Hard–easy effect

(Dialihkan dari Efek sulit–mudah)

Hard-easy effect adalah bias kognitif yang membuat orang tidak menyadari kesulitan sebenarnya (sulit atau mudah) dari tugas yang mereka coba. Dengan kata lain, individu ini melebih-lebihkan kemampuan mereka dalam melakukan tugas-tugas sulit dan meremehkan dirinya untuk tugas yang mudah. Misalnya, ketika individu menunjukkan sifat kurang percaya diri saat menjawab pertanyaan yang relatif mudah dan sebaliknya, sifat terlalu percaya diri saat menjawab pertanyaan yang relatif sulit. Katherine A. Burson, Richard P. Larrick, dan Jack B. Soll dalam studi tahun 2005 menemukan bahwa, "Tugas yang sulit cenderung menghasilkan efek terlalu percaya diri, sementara tugas yang mudah menghasilkan efek kurang percaya diri."[1]

Bias ini berada di bawah lingkup "teori perbandingan sosial" yang dicetuskan oleh Leon Festinger pada tahun 1954. Festinger berpendapat bahwa ketika individu bermaksud untuk menilai pemikiran dan kemampuan mereka, maka teori perbandingan sosial menerangkan cara penilaian tersebut dilakukan, yakni melalui proses membandingkan diri mereka dengan orang lain.[2]

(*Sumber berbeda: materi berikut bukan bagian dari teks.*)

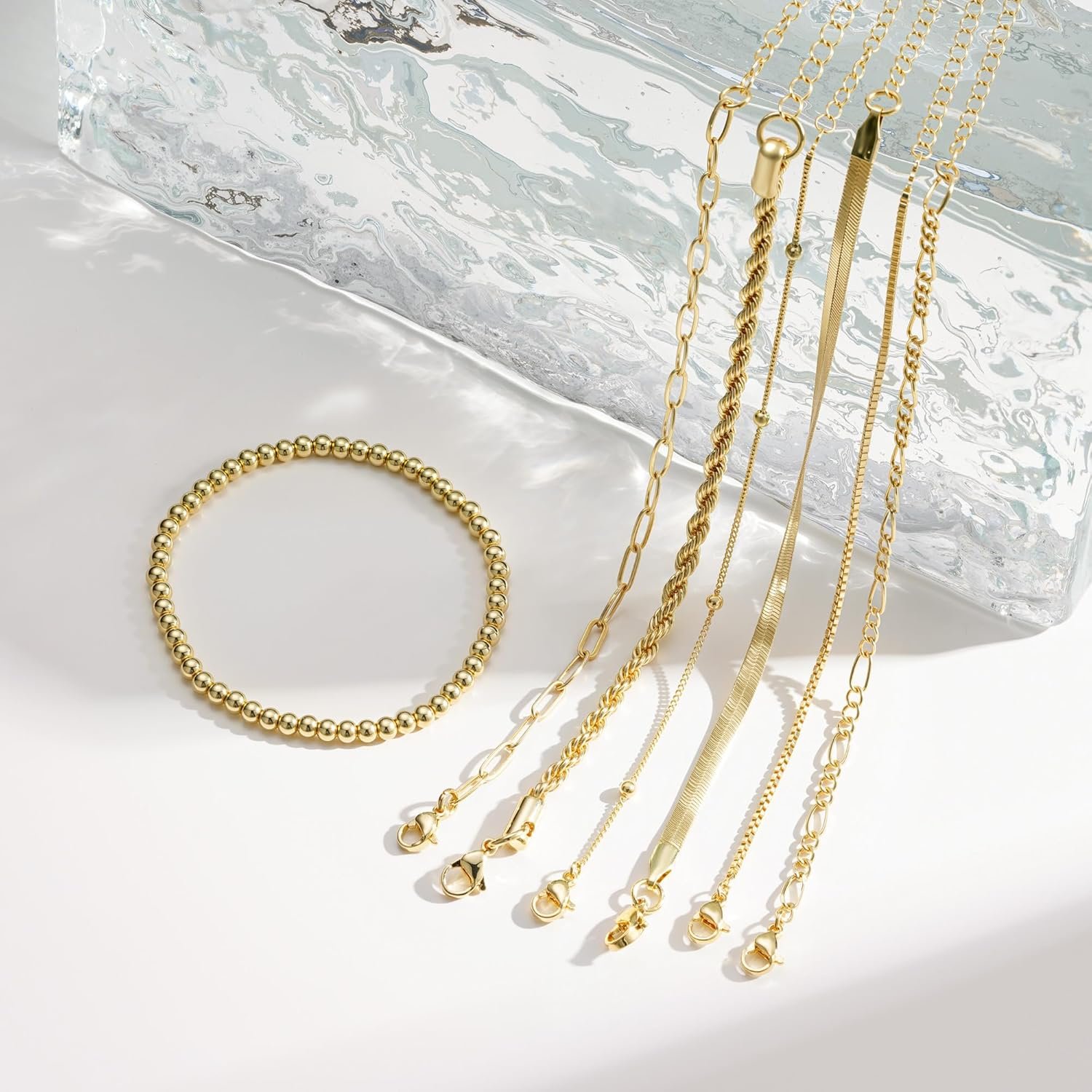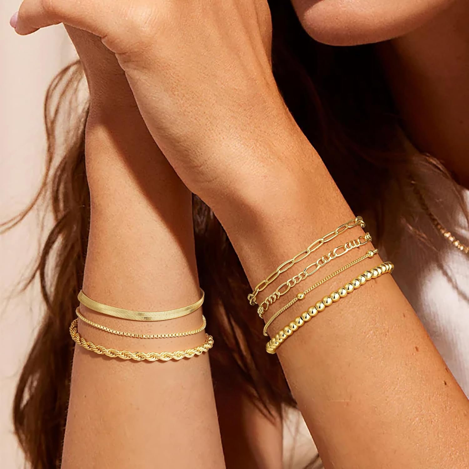 M MOOHAM Gold Bracelets for Women – 14K Real Gold Plated Beaded Bracelets Set Rope Paperclip Chain Stackable Bracelet Non Tarnish, Friendship Birthday Jewelry Gifts for Women Teen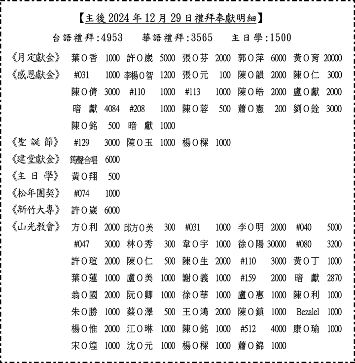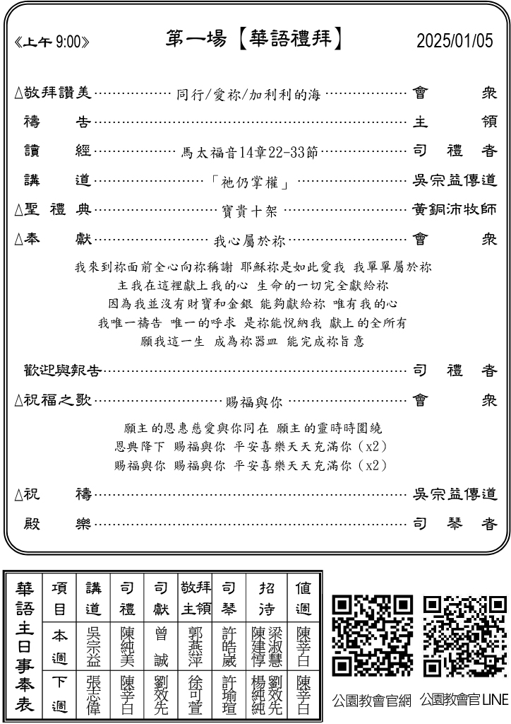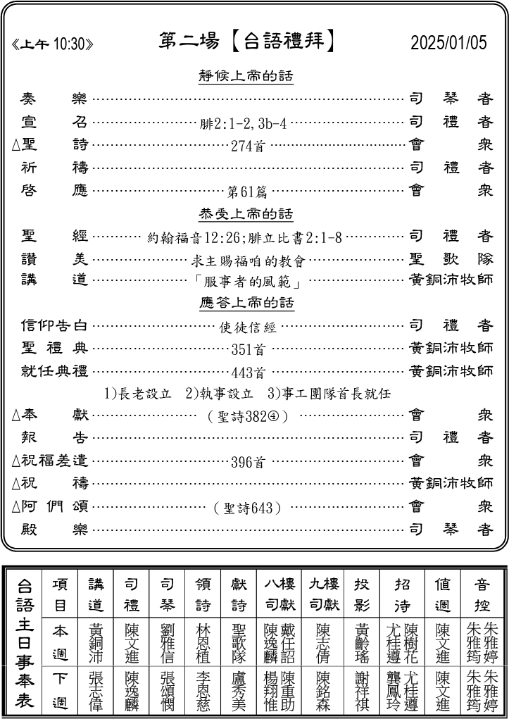 下週主日兩堂禮拜預告(1月12日) ※2024年台神奉獻主日延至本週

Pada tahun 1980, Ferrell dan McGoey menyebut bias ini sebagai "efek diskriminabilitas". Sementara, Griffin dan Tversky (1992) menyebutnya sebagai "efek kesulitan".[3]

Eksperimen

sunting

Dalam berbagai penelitian, peserta diminta untuk menjawab soal pengetahuan umum dan memperkirakan peluang mereka untuk menjawab dengan benar. Apabila peserta memiliki tingkat pengetahuan diri (self-knowledge) yang memadai, maka mereka akan memberi persen peluang yang tinggi untuk pertanyaan yang mereka jawab dengan benar dan begitupun sebaliknya. Namun, hal ini tidak umum terjadi. Kebanyakan orang akan terlalu percaya diri dan melebih-lebihkan kemampuannya dalam menjawab pertanyaan sulit, tetapi terlihat kurang percaya diri saat menjawab pertanyaan yang dianggap mudah.[2]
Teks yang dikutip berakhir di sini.